I love supporting community members to try new things, take action in different ways, and work for social justice.

What is feminism to you?

To me, feminism means that people of all genders should be able to be their true selves, make decisions that are best for themselves and their communities, and achieve their dreams.

Courtesy of Angeline Echeverría

Can you pinpoint the moment when you decided to become a feminist? If you don't consider yourself a feminist, why not?

I can't remember a time when I didn't question patriarchy, misogyny, and sexism. I believe that questioning these systems of oppression are an integral part of being a feminist, although I have struggled with whether or not I should call myself a feminist without in the same breath attempting to recognize all of the intersecting systems of oppression that affect our communities, such as racism, xenophobia, homophobia, transphobia, classism, ableism, etc.

What is the best way we can all be "feminists"?

By listening to and respecting people of all genders and by working together for shared liberation.

Who are your "sheroes"?

The brave undocumented women who are fighting for their rights in solidarity with El Pueblo and other community-based organizations.

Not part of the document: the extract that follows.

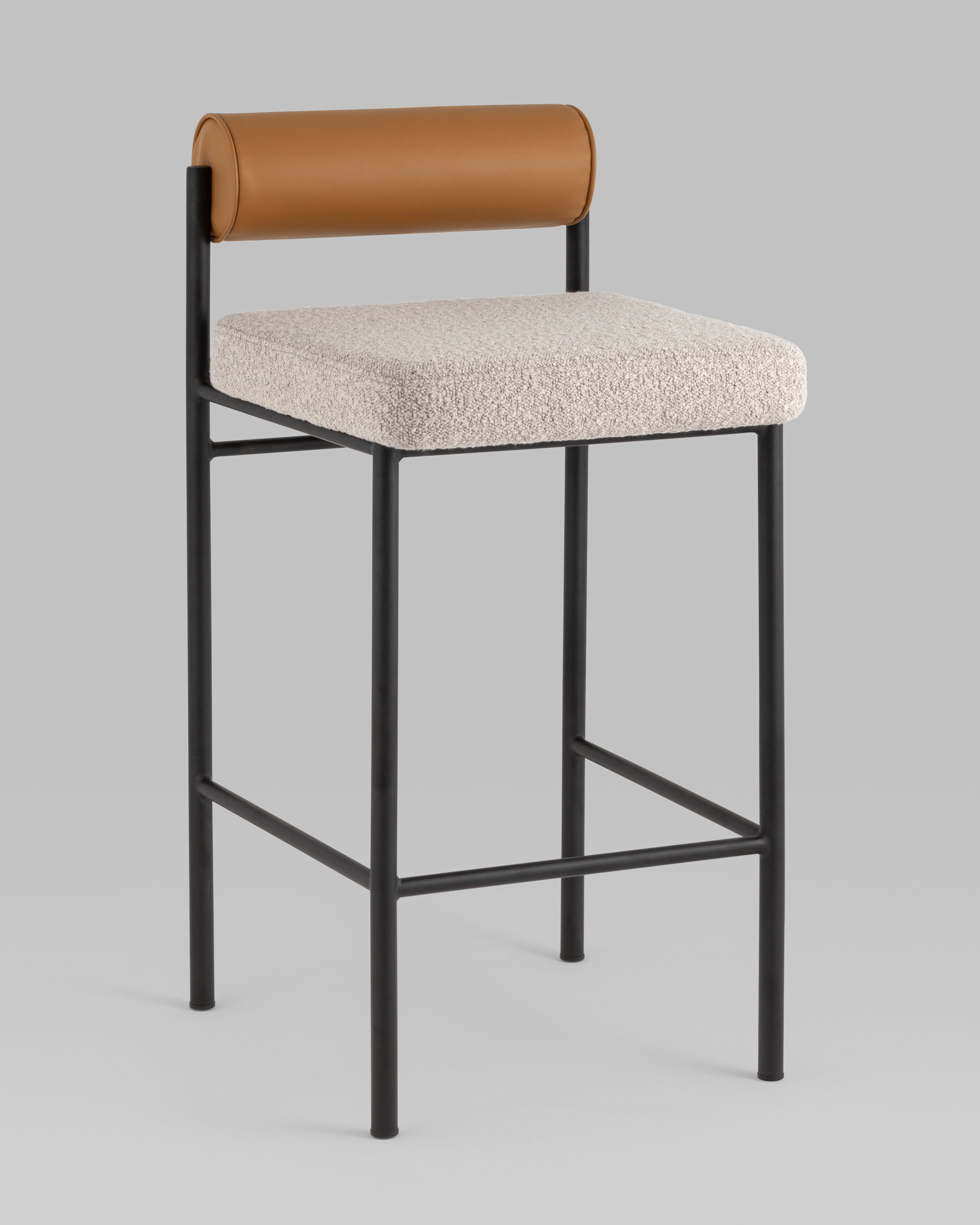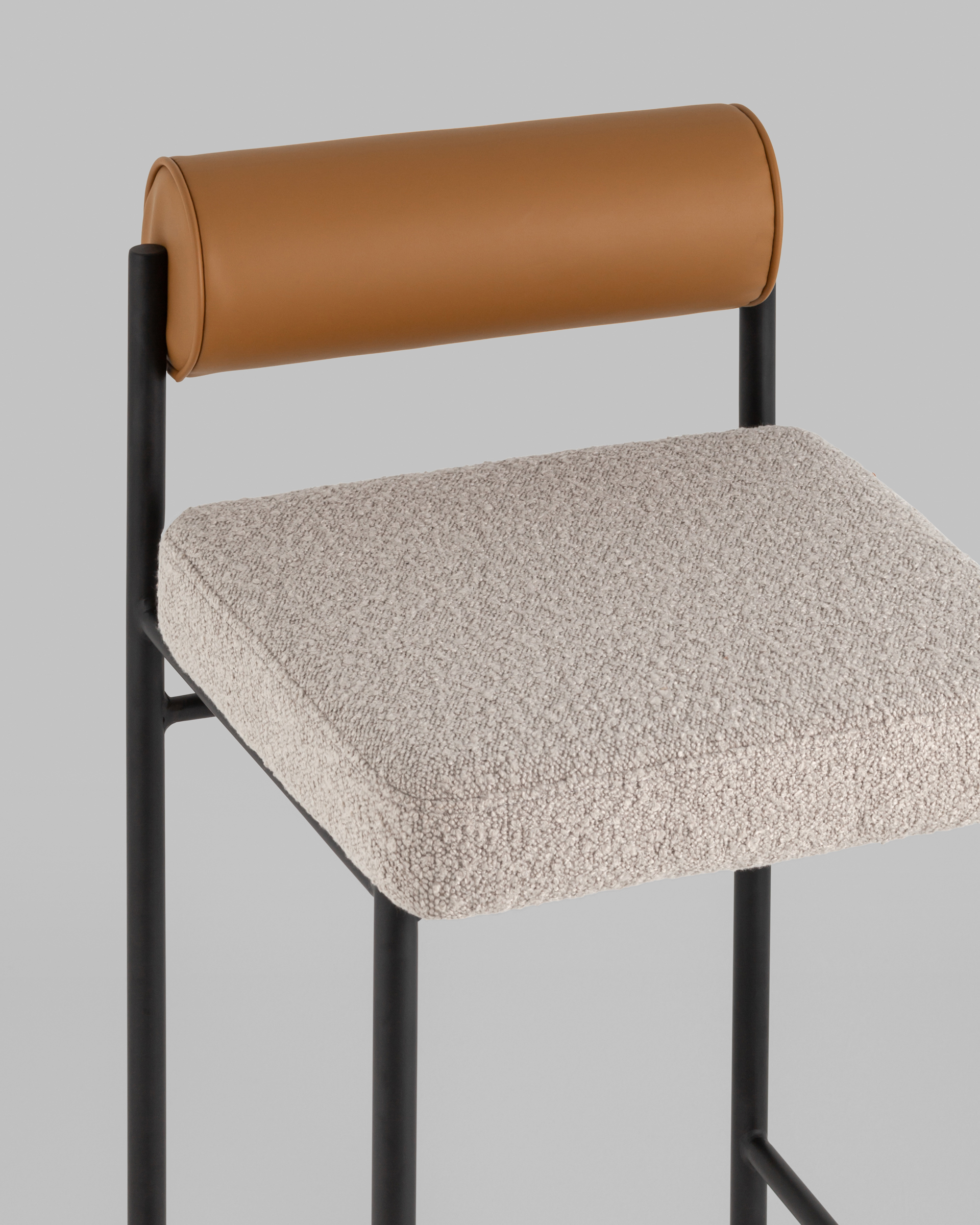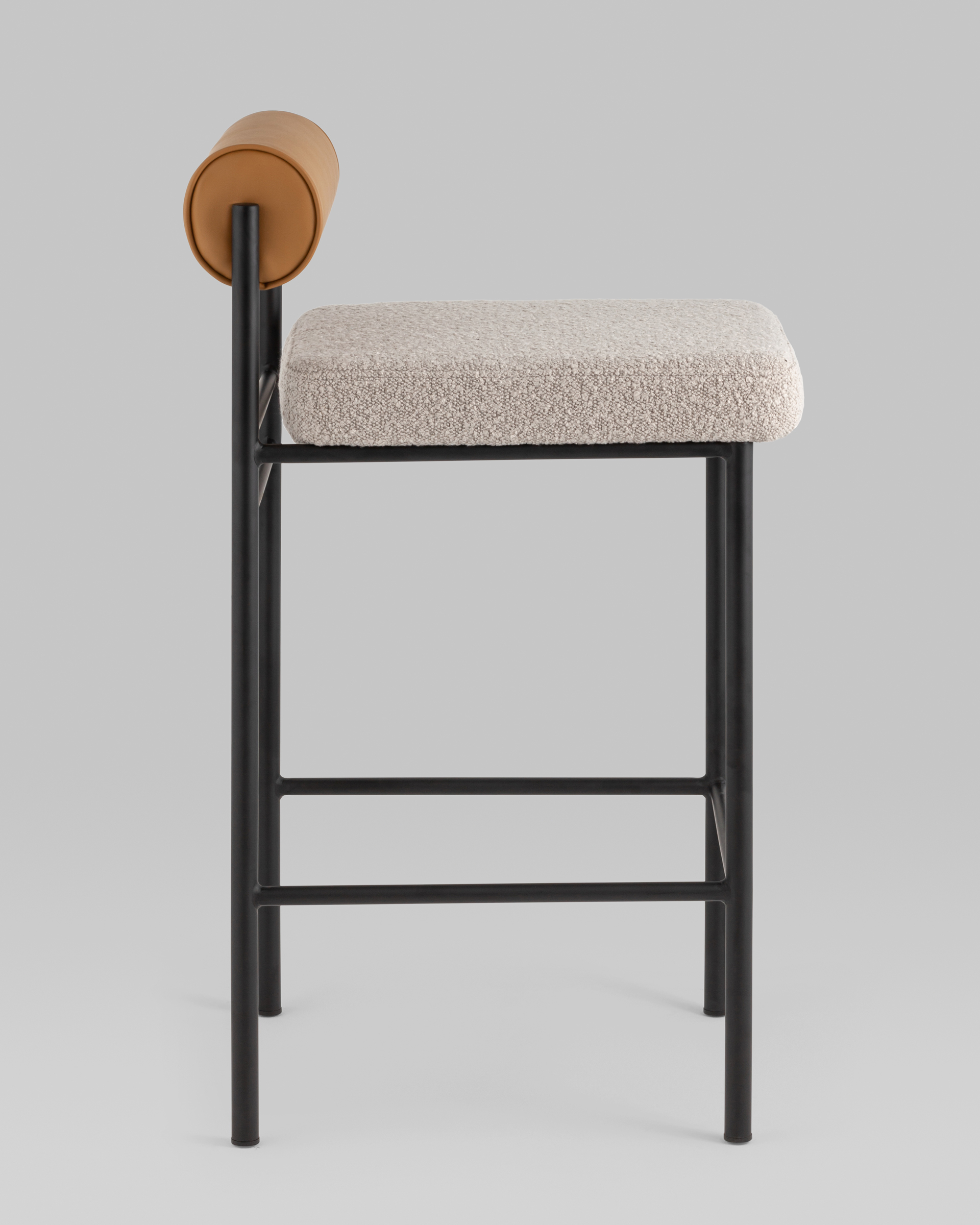 Стул полубарный Балла бежевый сиденье букле, со спинкой в форме валика экокожа, ножки черные металл

Courtesy of Angeline Echeverría

Favorite feminist anthem?

"Todo cambia" by Mercedes Sosa. To me feminism is about each human being's changing and evolving without having to ask permission to do so.

Favorite feminist artist? (authors, singers, dancers, actors)

Julia Alvarez—her novel "In the Time of the Butterflies" about the Mirabal sisters helped me to understand the impact of US foreign policy in a way that was tangible for a privileged middle class teen and awoke my interest in human rights.